++++ Given data ++++

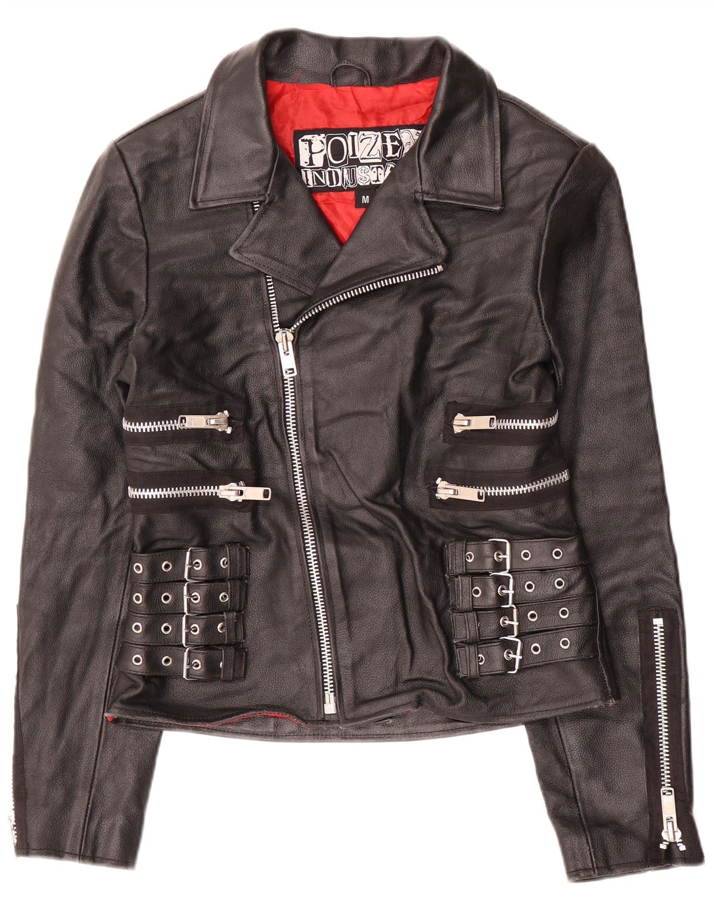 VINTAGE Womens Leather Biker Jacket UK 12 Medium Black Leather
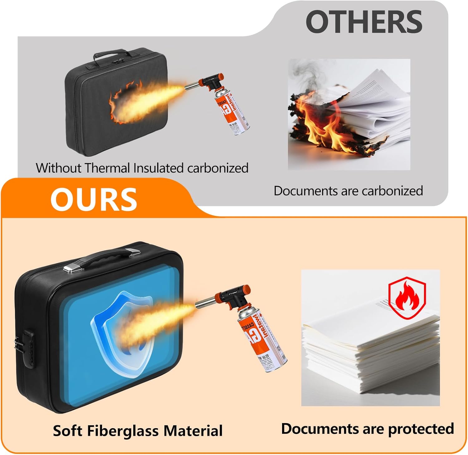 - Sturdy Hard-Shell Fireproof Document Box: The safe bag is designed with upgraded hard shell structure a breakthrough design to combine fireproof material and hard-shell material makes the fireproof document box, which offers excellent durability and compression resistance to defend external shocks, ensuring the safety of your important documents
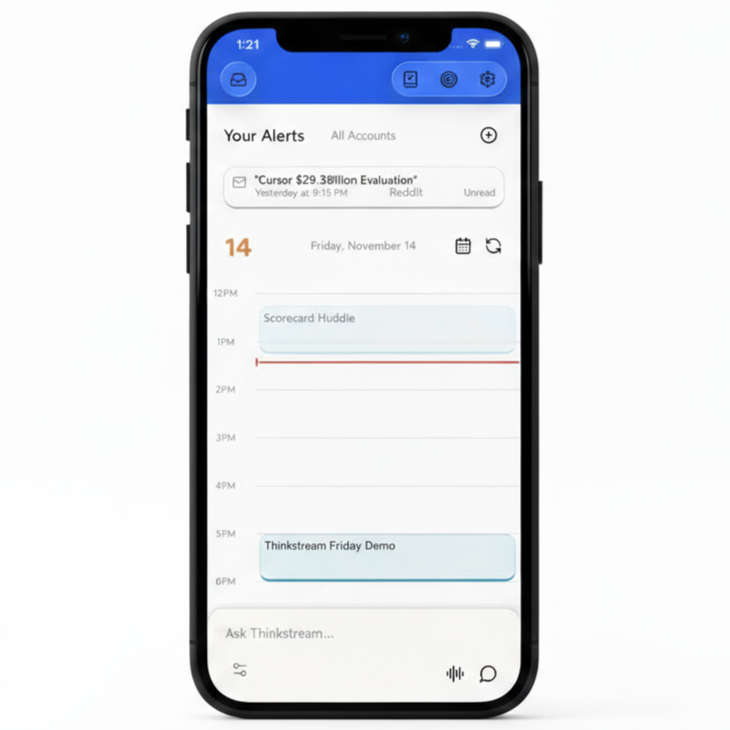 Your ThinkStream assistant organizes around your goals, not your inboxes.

++++

The problem. Extract the full listing above verbatim; pictures are to be left out of the copy.

Solution for this task.
 VINTAGE Womens Leather Biker Jacket UK 12 Medium Black Leather
 - Sturdy Hard-Shell Fireproof Document Box: The safe bag is designed with upgraded hard shell structure a breakthrough design to combine fireproof material and hard-shell material makes the fireproof document box, which offers excellent durability and compression resistance to defend external shocks, ensuring the safety of your important documents
 Your ThinkStream assistant organizes around your goals, not your inboxes.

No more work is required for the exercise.